Task brief :: All lines below starting at the one that holds "紧接着,举行政治生日卡颁发仪" and ending at the one that holds "Die aktuelle Ausgabe" should be printed exactly, ends included. Pictures should not be printed, nor anything else.

** Opening Working data block **

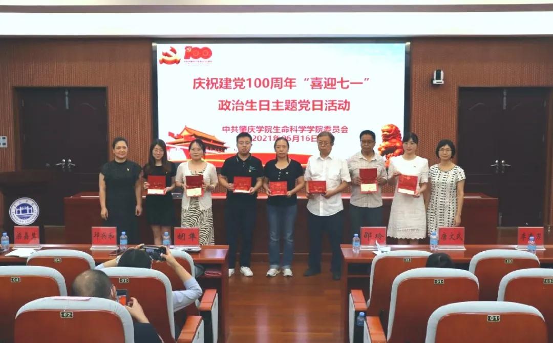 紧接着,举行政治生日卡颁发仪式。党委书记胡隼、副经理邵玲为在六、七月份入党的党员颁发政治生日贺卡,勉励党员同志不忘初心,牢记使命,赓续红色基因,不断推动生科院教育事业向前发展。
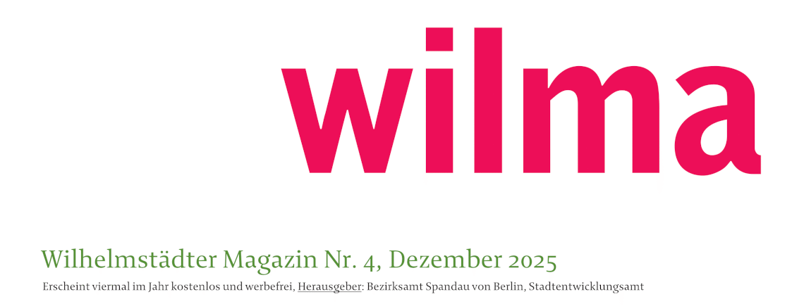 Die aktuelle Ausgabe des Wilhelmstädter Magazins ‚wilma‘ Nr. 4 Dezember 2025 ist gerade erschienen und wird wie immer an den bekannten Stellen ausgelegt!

** Closing Working data block **
** Opening Working data block **

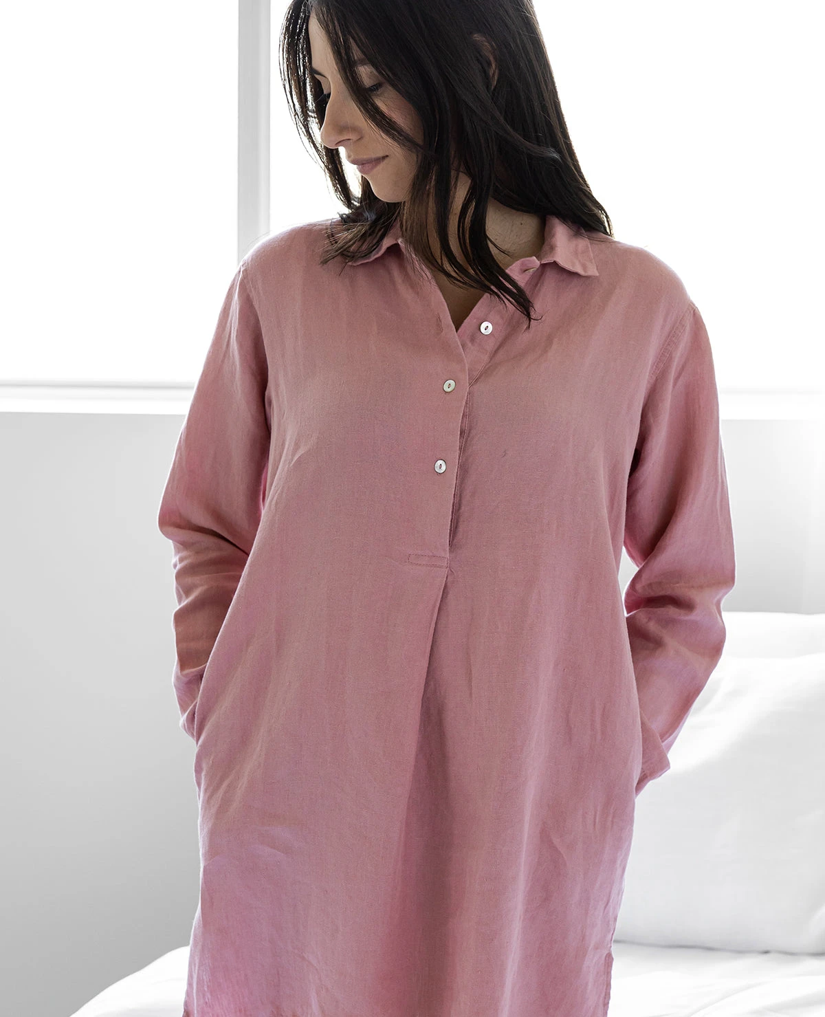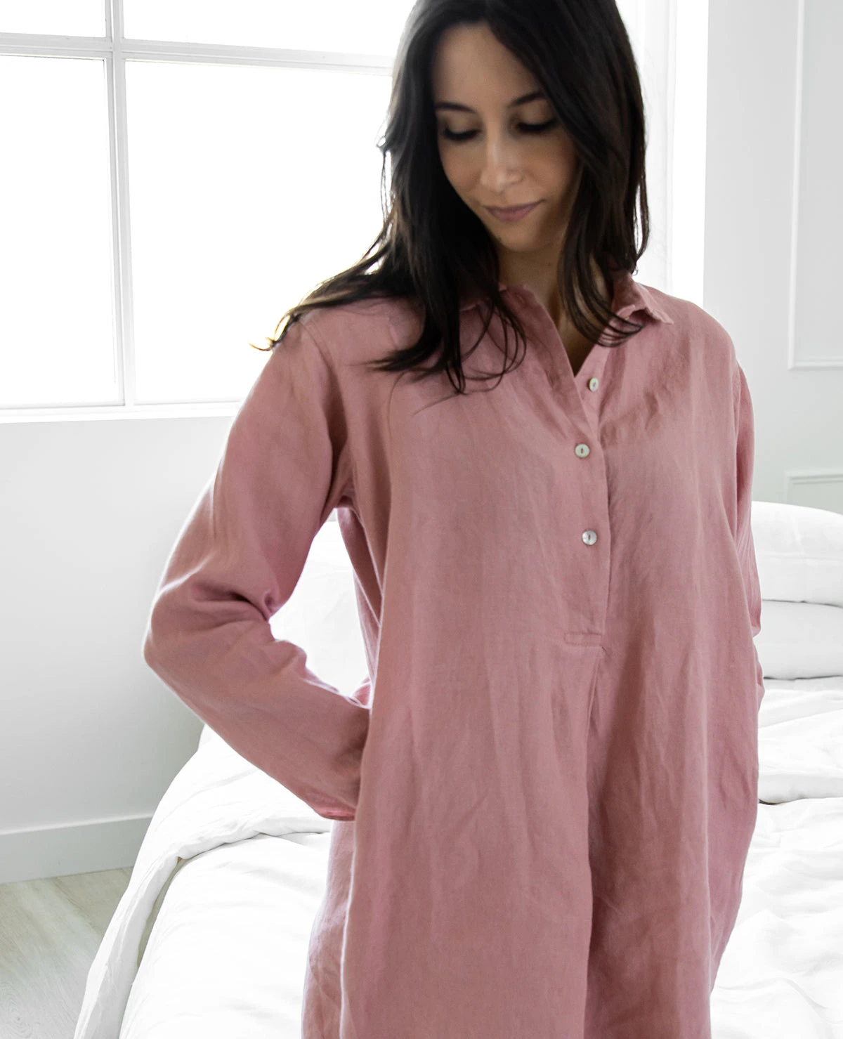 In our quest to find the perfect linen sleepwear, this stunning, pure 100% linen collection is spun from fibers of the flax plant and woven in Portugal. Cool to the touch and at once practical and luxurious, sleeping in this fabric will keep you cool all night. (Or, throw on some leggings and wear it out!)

** Closing Working data block **

Output of the exercise ::
 紧接着,举行政治生日卡颁发仪式。党委书记胡隼、副经理邵玲为在六、七月份入党的党员颁发政治生日贺卡,勉励党员同志不忘初心,牢记使命,赓续红色基因,不断推动生科院教育事业向前发展。
 Die aktuelle Ausgabe des Wilhelmstädter Magazins ‚wilma‘ Nr. 4 Dezember 2025 ist gerade erschienen und wird wie immer an den bekannten Stellen ausgelegt!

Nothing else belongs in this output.